Article - General
East of Omaha
By Colin F, added on 25/05/2008
Ten to midnight on Wednesday when I pull into the M27 services, as five
minutes previously the “Italian for coffee” from Terminal 2 had worn off
and I prefer to be wide awake and get home rather than the alternative.
The car park is eerie, deserted, but I get my fix and stand in the
middle of the park with the soft south west wind blowing in my face and
drink half the coffee, relax and put the yellow lamps at the far end out
of focus. I’m almost at the end of a welter of six hundred miles of
driving, five short-haul flights and half a dozen discussions on
workings and fine details of networks, OFDM and communications, all of
which started at 3am Monday. Boarding my last flight tonight, I looked
down the plane aisle to see a row of dark suits on one side only, like
black pawns on a board. All trying to be the most important, all the
same as a result. Not for the first time I’m glad not to wear the
pin-stripes.
I draw in a long breath, shut my eyes and fill in the space in front of
me with black water, ruffled by the warm wind. The eyelid-filtered flash
of headlights, still on their way home, becomes the gentle flicker of a
candle lamp, my night fishing guide, placed behind the bag, keeping even
that feeble star from the curious fish.

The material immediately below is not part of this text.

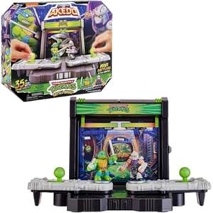 GIOCHI PREZIOSI S.P.A. Akedo Battle Arena delle Tartarughe Ninja - Giocattolo con 2 modalità di gioco, suoni di combattimento, 2 bambole guerrieri e 1 accessorio

I lean back on the chair, rod
across my knees and check the bale-arm and line by feel and listen to
the foil rustle in time with the wind, waiting for an off-beat scratch
or a pull on my fingers.
I drink more coffee, the only thing real in both worlds; listen to the
water on the reeds, the wind in the trees and the occasional sucking of
the carp. A few shadows ripple across the cane from the flame’s light
and I sink into the deep calm night.
Eventually my heart speeds up again, a signal flare for the working
caffeine and I resurface to the grey asphalt and painful pale sodium
lights, put the cup in the bin and get back in the car. Thursday.
On the road again. Turn the page.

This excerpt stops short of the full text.